Third, enterprise wins are sticky. Eighty percent of Anthropic's revenue comes from enterprises. These are long-term contracts, often with switching costs. An enterprise that's integrated Claude into its legal review system, customer service automation, or content generation pipeline won't rip it out lightly. This customer concentration also makes revenue more predictable and defensible.
Fourth, geopolitical considerations are shaping tech strategy now. Choosing American chips, American partners, and American infrastructure isn't just a business decision. It's a signal to customers, regulators, and governments about where you stand.

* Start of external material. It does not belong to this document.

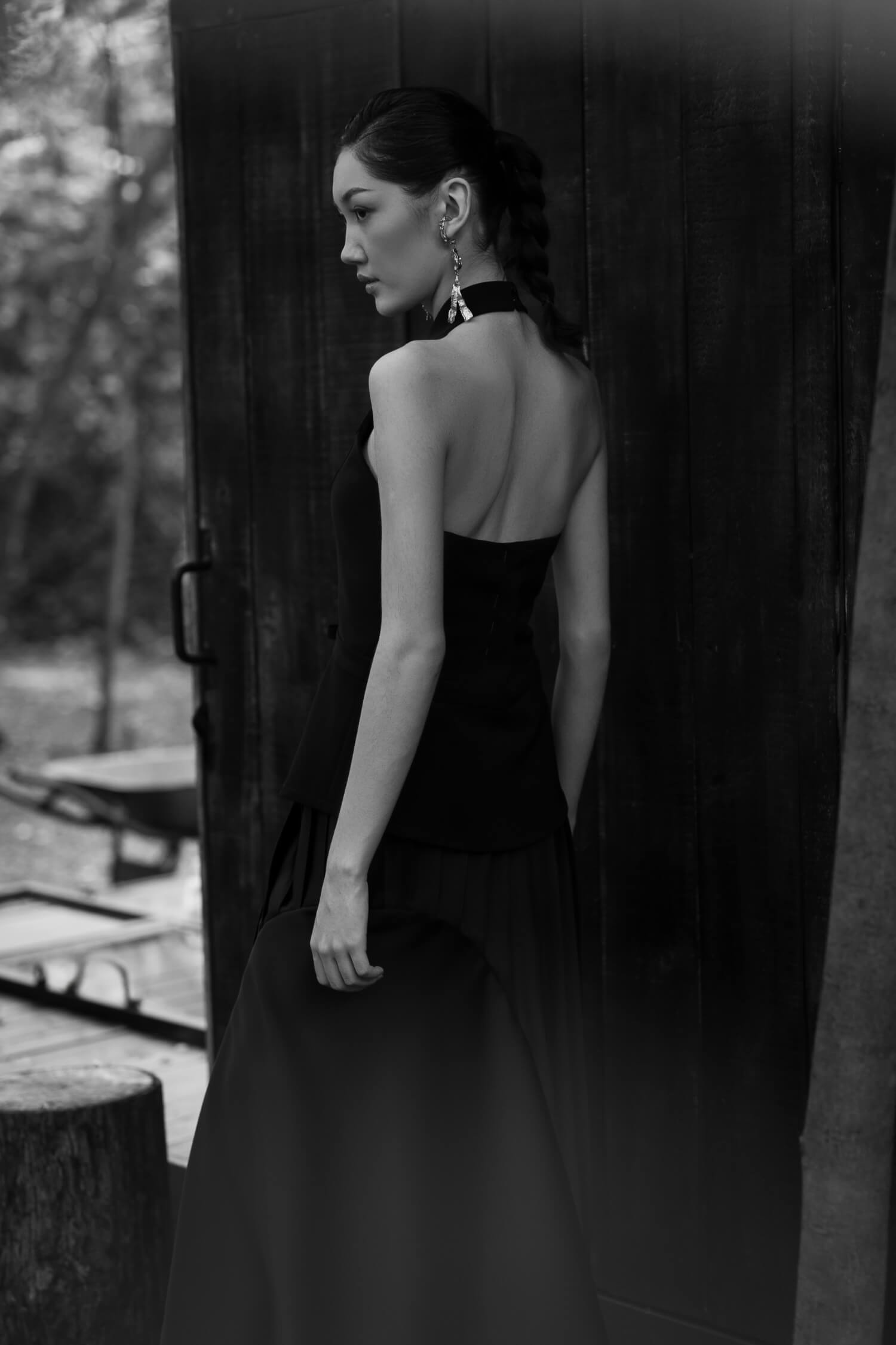 An A-symmetrical bias skirt, made from satin with a pleated details at one side.

| Comparison | Anthropic | OpenAI |
|---|---|---|
| 2025 ARR (End) | $9B | ~$15B |
| Current ARR | $30B | ~$25B |
| Enterprise Customers (1M+/year) | 1,000+ | Undisclosed |
| Enterprise Revenue % | 80% | Undisclosed |
| TPU/Compute Deal | 3.5GW via Broadcom–Google | Undisclosed |
What This Changes for You
If you're an enterprise building AI products, Anthropic's momentum matters. It signals stability, continued investment in model improvement, and deep pockets to fund research and infrastructure. Companies often choose vendors they believe will still exist and improve in five years. Anthropic just raised that confidence bar.
If you're an investor or analyst, this deal is a watershed moment. Anthropic is no longer an upstart betting against incumbents. It's a market leader trading blows with OpenAI at the top. The $30B ARR claim needs scrutiny—is that sustainable, or will growth plateau?—but the trajectory is undeniable.

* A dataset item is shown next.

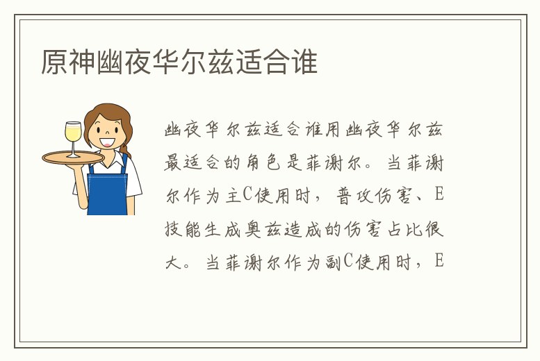幽夜華爾茲最適合的角色是菲謝爾。當菲謝爾作為主C使用時,普攻傷害、E技能生成奧茲造成的傷害占比很大。當菲謝爾作為副C使用時,E技能傷害占比很大。而幽夜華爾茲本身就能提高普擊、E技能傷害。菲謝爾和幽夜華爾茲能很好的搭配。

If you're a Broadcom investor, this deal is validation that enterprise AI spending is real and massive. Broadcom and Google aren't making $42 billion bets on vapor. They're responding to actual, demonstrated demand.
If you're competing against Anthropic, you're looking at a company that's operationally firing on all cylinders. It has enterprise traction, locked-in compute, growing revenue, and confidence to commit years ahead. The window to outmaneuver them on speed or scale is narrowing.
The compute deal also signals something subtle but important: Anthropic is thinking long-term. Five years is an eternity in AI. The company is essentially saying: "We're going to be here in 2031, and we're going to need a lot of TPUs to serve our customers."
That confidence—or maybe even audacity—is a signal worth heeding.